GIVEN MATERIAL:

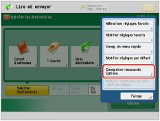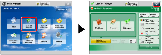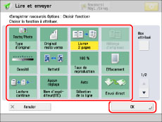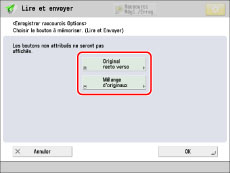Deux raccourcis des options sont affichés dans l'écran Lire et envoyer. Les options définies par défaut sont [Original recto verso] et [Mélange d'originaux]. Ces raccourcis peuvent être modifiés pour des fonctions utilisées fréquemment.
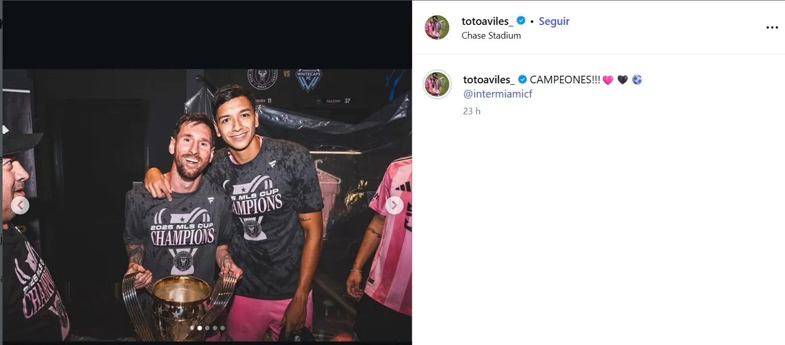 Tomás Avilés, jugador argentino-chileno de 21 años, se coronó campeón junto al elenco norteamericano, donde tuvo una gran participación y se ha posicionado como una de las piezas fundamentales de la escuadra que dirige Javier Mascherano, donde ha disputado 27 partidos este 2025 anotando en dos oportunidades.
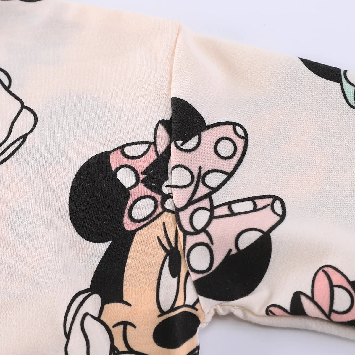 - Motiv clasic Minnie combinat cu accente moderne de culoare pentru un aspect atrăgător și prietenos cu copiii.

WHAT THE EXERCISE ASKS: Give back, exactly as written, the lines from the top of the material through the line with "Tomás Avilés, jugador", ends included and pictures left aside.

WRITTEN SOLUTION:
Deux raccourcis des options sont affichés dans l'écran Lire et envoyer. Les options définies par défaut sont [Original recto verso] et [Mélange d'originaux]. Ces raccourcis peuvent être modifiés pour des fonctions utilisées fréquemment.
 Tomás Avilés, jugador argentino-chileno de 21 años, se coronó campeón junto al elenco norteamericano, donde tuvo una gran participación y se ha posicionado como una de las piezas fundamentales de la escuadra que dirige Javier Mascherano, donde ha disputado 27 partidos este 2025 anotando en dos oportunidades.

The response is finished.